A team of world-class divers navigate through miles of dangerous cave networks to discover that finding the boys is only the beginning.

The divers had a tremendously difficult job to reach the trapped people and then to rescue them using techniques which had never been tried before.

Here's the trailer for the film:


Here's Ron Howard breaking down one of the scenes involving the claustrophobic cave diving - the lead actors trained as cave divers:




The film is extremely well made as one would expect from Ron Howard.

A map of part of the cave system is shown repeatedly during the film to help the viewer orient themselves with its confusing geography.
The film is also very careful to try to reduce the risk of it being a 'white saviour' narrative. 

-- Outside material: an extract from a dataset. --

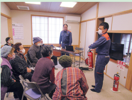
飯館分署職員による「防災・防犯講話」が行われました。

Howard’s film meticulously shows that the rescue effort involved more than 10,000 people, mostly Thai, but with volunteers flying in from around the world to offer their skills.

There is the water expert who coordinates an effort to stop water going into sinkholes at the top of the mountain, which would fill it up faster than it could be pumped out at the bottom. A useful geographical plot point once again.

A water engineer called Thanet Natisri was galvanising local people to help him fill in sinkholes that are flooding the cave network in order to give the rescue mission more time. Howard shows the volunteers who fill in these holes and line the hillside with pipes, some made from bamboo, to divert the water. These scenes echo the Werner Herzog epic Fitzcarraldo, with its human battle against torrential elements, but the twist is that this battle is being fought, not by a vainglorious individual but by a selfless band of locals.

He also mentions the fact that some of the boys were stateless being Shan, who live on the border between Thailand and Myanmar.
Here's a Fact vs Fiction piece.

The film ends with tributes to the two Thai divers who died: one during, and one after the rescue.

It's an excellent film and a recommended watch, and worthy of further discussion.